One emerging story is a lawsuit by three human rights organisations --- Amnesty International USA, New York University's Center for Human Rights and Global Justice, and the Center for Constitutional Rights --- claiming that the Pentagon sought loopholes in the Geneva Conventions to hide "ghost deatinees" and that the Bush Administration delayed the release of Guantanamo Bay detainees to avoid negative publicity. We'll have more on this tomorrow.
4:30 p.m. We're off the clock for awhile on emergency business (dinner and a movie). Back with an Evening Update.
2:20 p.m. Eight Iraqi pilgrims have been killed and 18 wounded by a bomb less than 1/2 mile from the Imam Hussein Mosque in Karbala.
1:40 p.m. A couple of items of note from US envoy Richard Holbrooke's trip to Pakistan. Former Prime Minister Nawaz Sharif, who met Holbrooke earlier today (see 6:45 a.m.), has issued a co-operative statement: ""There's a change in [US] approach towards Pakistan. They do give importance to the people of Pakistan and their emotions and that's the feeling that I got from today's meeting."

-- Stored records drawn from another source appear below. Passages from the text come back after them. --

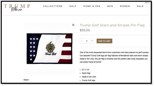 The emblem is used at Trump’s golf courses across the U.S. At the Trump National Golf Club outside Washington, it’s everywhere – the pro shop, the exercise room, the sign out front: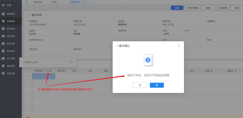 (2)禁用后的SKU不支持开单,包括:扫条码开单、选商品开单;
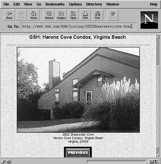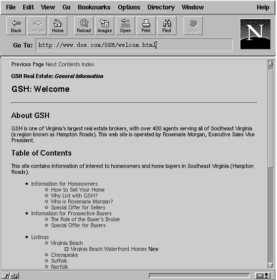 Effectiveness, of course, is more difficult to pin down. It's tough to define and even tougher to get the hard data needed so that effectiveness can be measured. As the sample site, this book uses a site for which hard data is available: a real estate broker's site. Some of the details of this site have been simplified to make the points of each chapter clear. The reader can visit the live site at http://www.dse.com/gsh/ to compare the chapter examples with what is actually on the Web.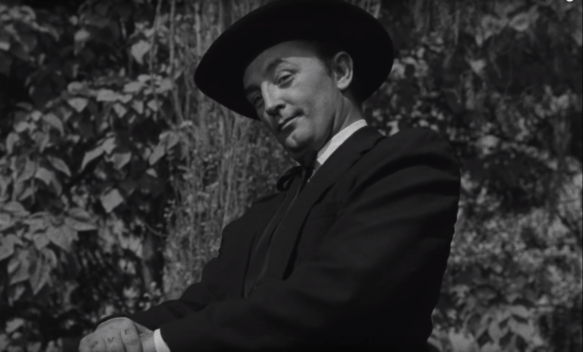 There are a lot of reasons to watch The Night of the Hunter but if I had to pick just one it’s this: Robert Mitchum. Mitchum’s outstanding performance as Harry Powell is one of the great villain performances of all time, a devious character whose charming and fatherly exterior as a God-fearing preacher hides a creature of barely repressed sexual rage and murderous intent.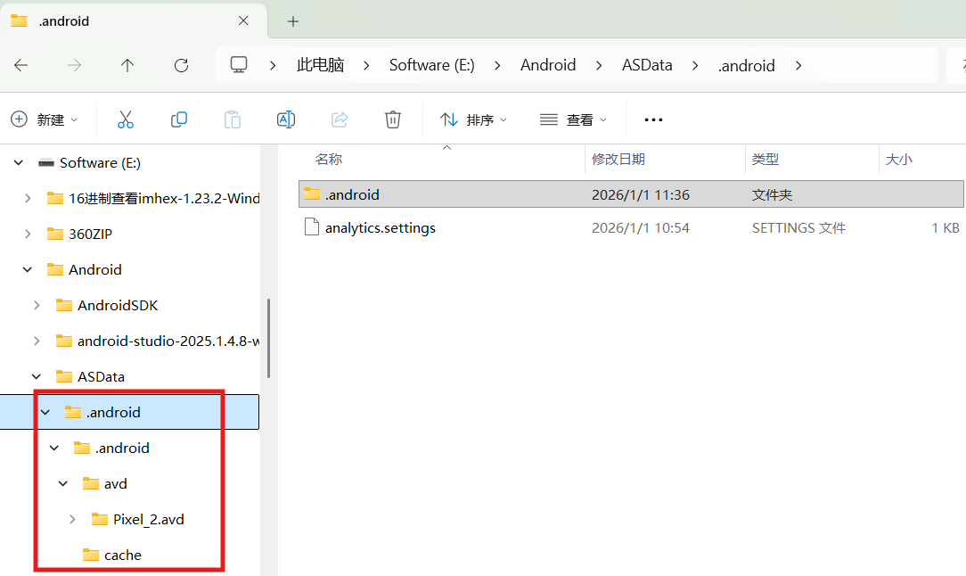 对于 .android 的修改,你会发现之前的模拟器没了,因为我们已经修改到了新的路径下。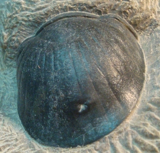 Zoals te zien is op de tweede foto, is het pygidium van dit specimen doorboord geweest, maar toch nadien geheeld.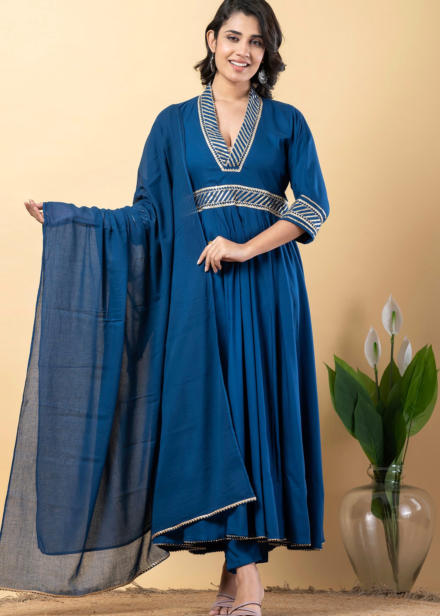 Dark Cerulean Blue Rayon Gota Work Anarkali Set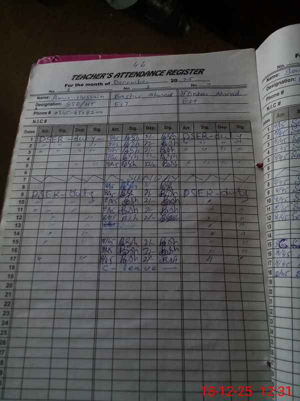 | Name: AM**** HU**** Designation: (School Headmaster's/Headmistress's) SSE(English) Phone/Cell Number: 03**** |
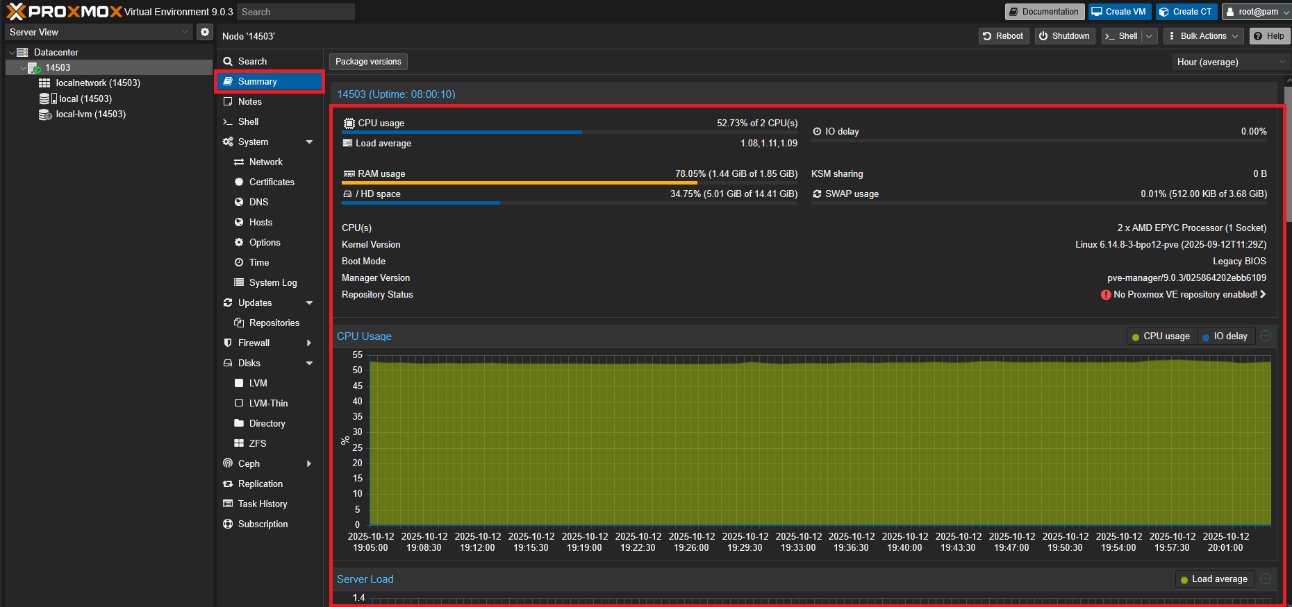 Перейдите: Datacenter → Node → Summary - проверьте CPU, RAM, диски, аптайм: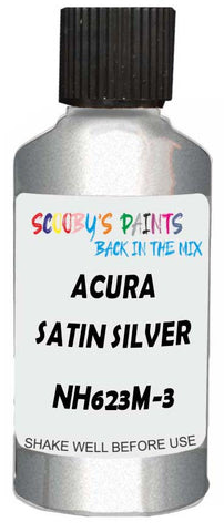 Professionally mixed touch-up paint matched to Acura factory colour NH623M-3 – Satin Silver Metallic for model years 1999–2006. Ideal for repairing stone chips, light scratches and minor blemishes while helping to prevent corrosion.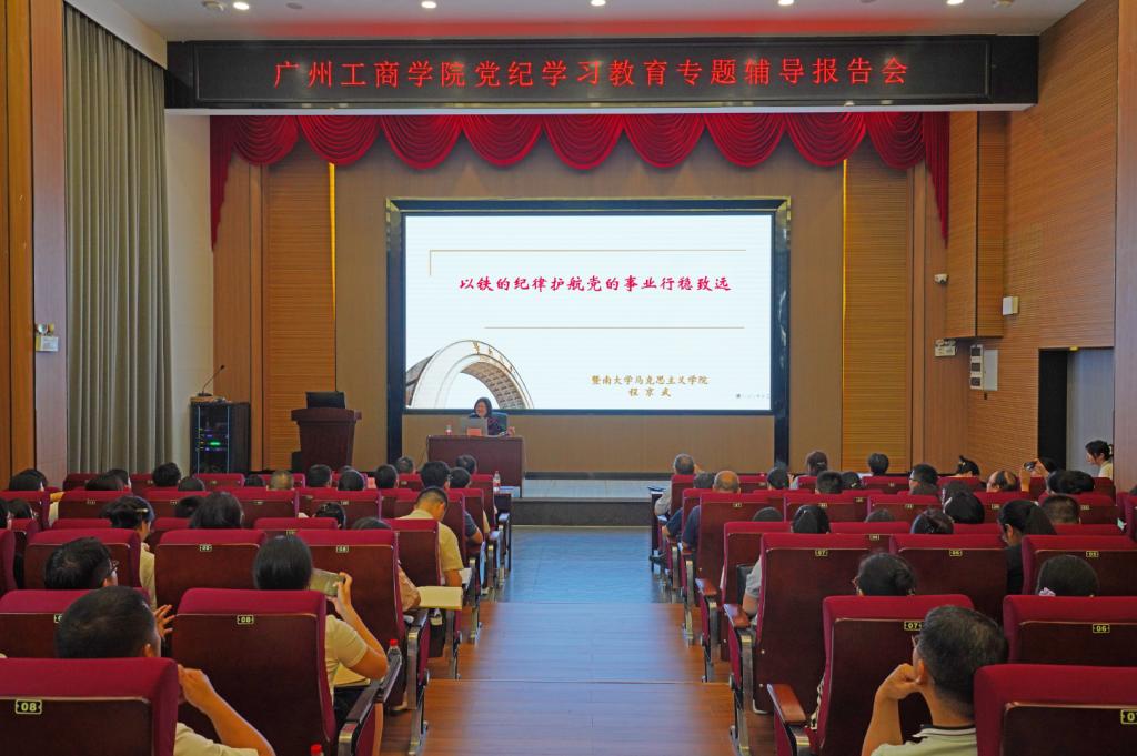 【本网讯】为深入学习贯彻习近平总书记关于党纪学习教育的重要讲话和重要指示批示精神,扎实推进党纪学习教育,进一步增强领导干部纪律意识、提高党性修养,6月21日下午,ky开元集团官网举办党纪学习教育专题辅导报告会。暨南大学中华民族凝聚力研究院院长程京武教授作题为《以铁的纪律护航党的事业行稳致远》的报告。报告会由学校党委书记张振超主持,学校校领导、两委委员、中层干部以及基层党支部书记等百余人参会。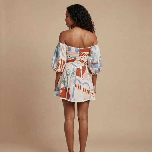 Women's Cocktail Off Shoulder Printed Puff Sleeve Mini Dress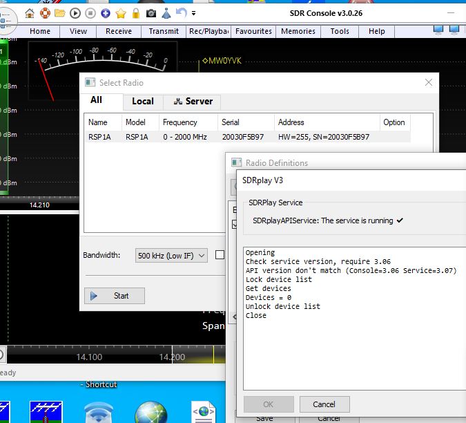 When it does not work correctly, the window opens, but the RSP1A output is not displayed. The cluster spots are displayed. If I click the small 'Play' arrow icon, nothing happens. If I go to the 'Select Radio' dialogue, I see the error message I referred to earlier.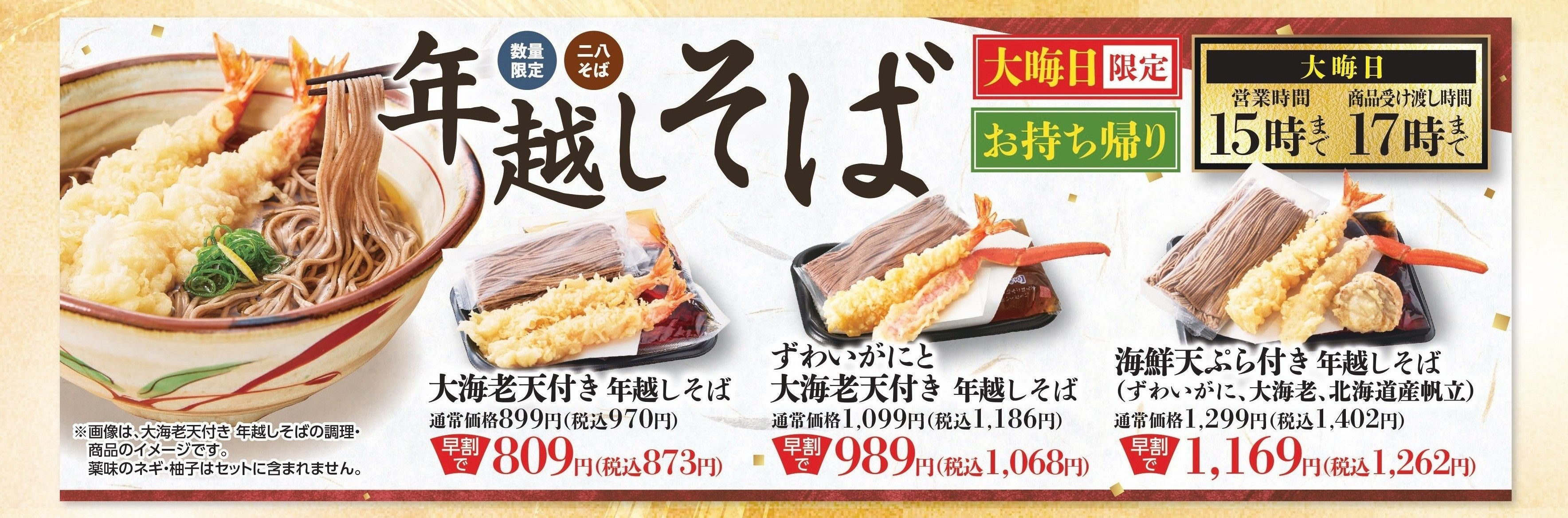 12月31日(水)大晦日に受渡し/販売する、お持ち帰り専用「年越しそば」を、数量限定で今年も販売します。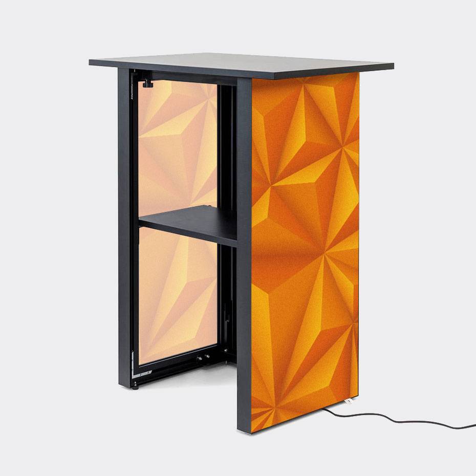 Vårt digitale Messebord har svart SEG-grafikk (Silicon Edge Graphics) på sidene inkludert som standard. Tilpass den digitale disken med eget design på sidene! Trenger du et nytt design senere? Til slutt, bytt enkelt ut SEG-grafikken, og du er i gang!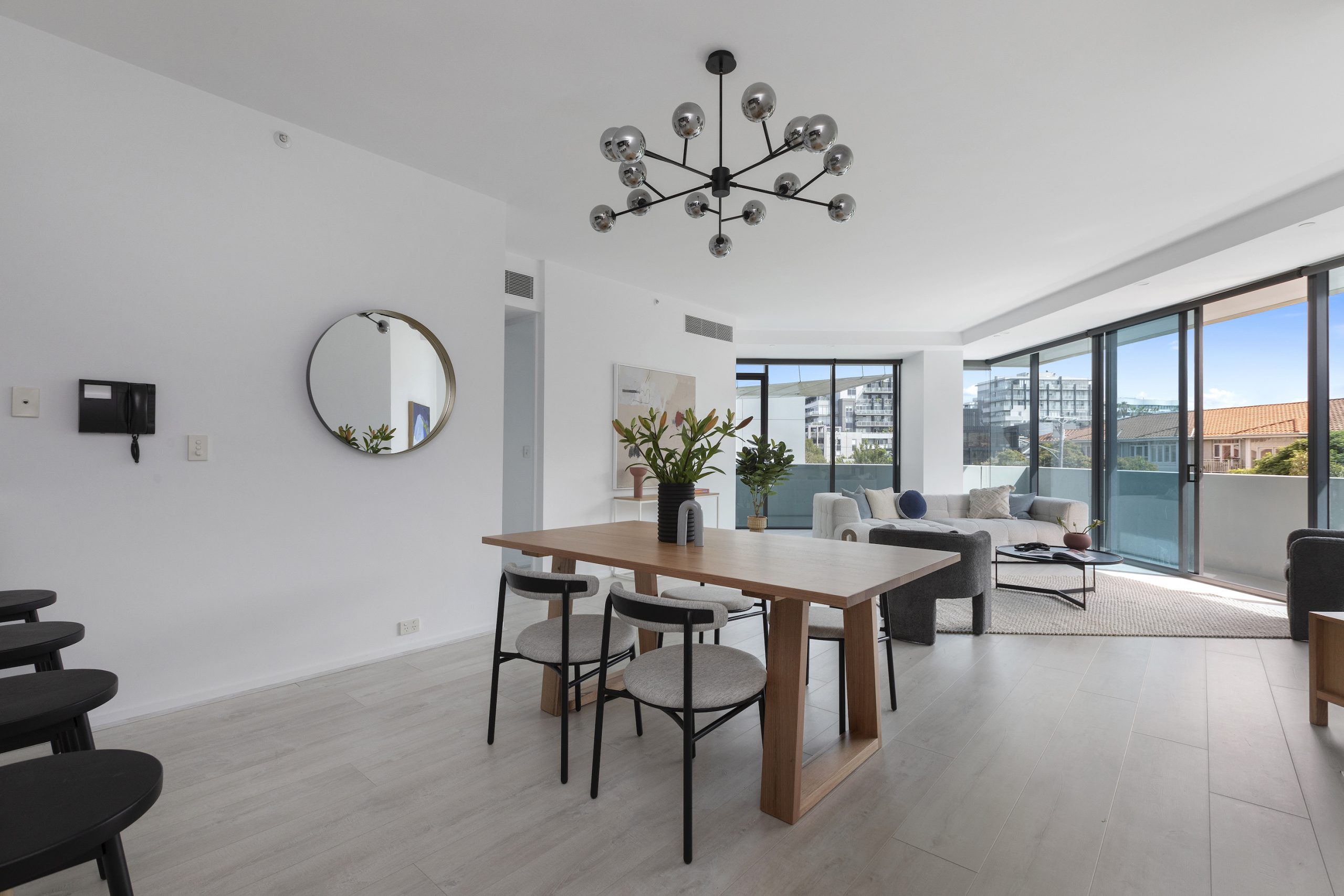 The generous open plan living zone will cater to all given its spacious nature, and boasts a full wraparound terrace, which compliments the luxe living area with an abundance of windows.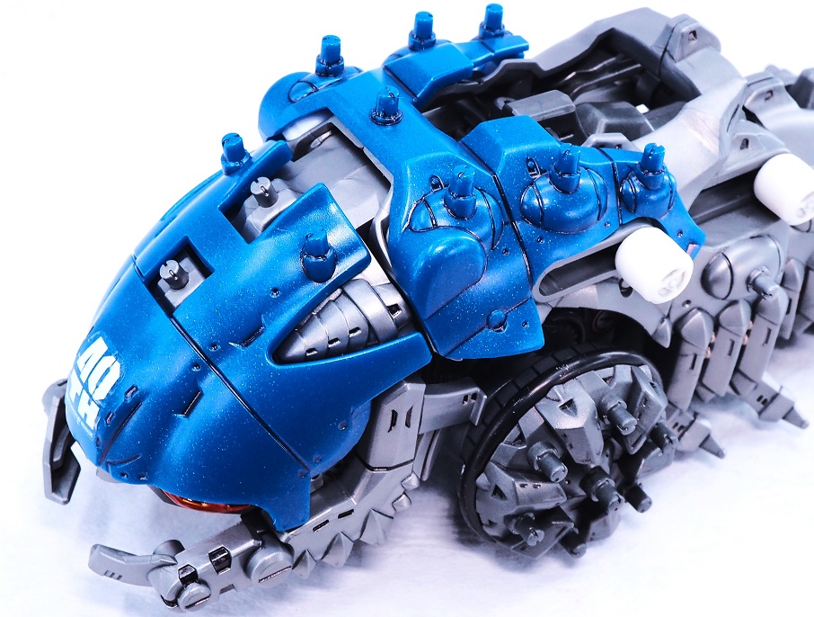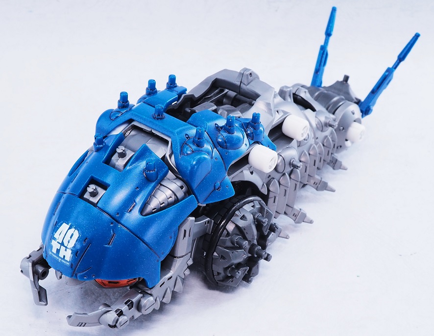 通常のキャタルガはカーキ色のような淡い色合いの装甲でしたが、今回の40THでは濃いブルーに変更。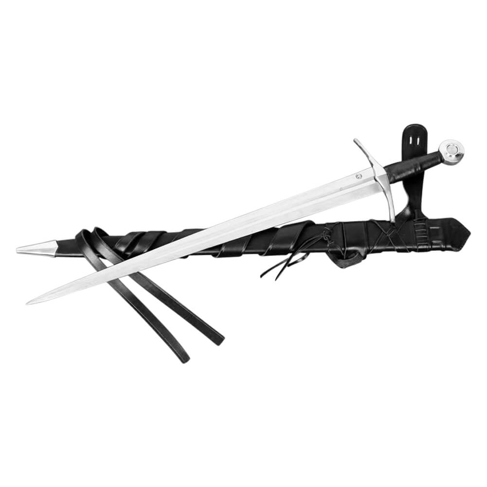 Beautifully constructed from 5160 High Carbon Steel and Dual Tempered for both cutting and thrust combat, the medieval knight sword is not only one of our all time best selling swords, it is also among our staff?s top 5 favourite pieces. Not only for its clean fluid artistic lines and simplicity, but for its exceptional handling characteristics. This battle ready sword is quick, responsive and allows exceptional mobility in close quarter combat.

It is now being reported, as we projected in a separate entry, that Holbrooke and Pakistan Foreign Minister Shah Mahmood Qureshi will head a joint committee "improving intelligence sharing and strengthen security".
12 noon. Further violence in Iraq today. A car bomb in Mosul has killed four policemen and wounded five. Two senior Sunni politicians have been killed by gunmen in Mosul, and a former army officer has been killed in Khaldiya.
10:15 a.m.Of course, today's statement by Pakistani Interior Minister Rehman Malik, admitting that "some part of the conspiracy" behind December's attacks in Mumbai was planned in Pakistan, has nothing to do whatsoever with the visit of US envoy Richard Holbrooke.
Morning Updates (6:45 a.m. GMT; 1:45 a.m. Washington): Quiet start this morning, after yesterday was dominated by news of bombings and violences in Afghanistan, Pakistan, and Iraq.
Secretary of State Hillary Clinton will name Stephen Bosworth, the Dean of the Fletcher School of Law and Diplomacy, as US envoy to North Korea. The move, accompanying yesterday's confirmation that a US delegation will attend the six-party talks in Moscow on North Korea next week, signals the Obama Administration's diplomatic engagement with Pyongyang. It is a far cry from the George W. Bush Administration, which shut down talks with North Korea soon after taking office in 2001.
In Pakistan, US envoy Richard Holbrooke has met former Prime Minister Nawaz Sharif. No details on the conversation, but it is a signal of a change in American strategy, reaching out to politicians that had not been favoured by the Bush Administration. Sharif was sent into exile by General Pervez Musharraf and only returned to Pakistan with the strong backing of Saudi Arabia. He had been seen by Washington as too sympathetic to "conservative" elements in Pakistan, both religious and political, to be an alternative to President Zardari.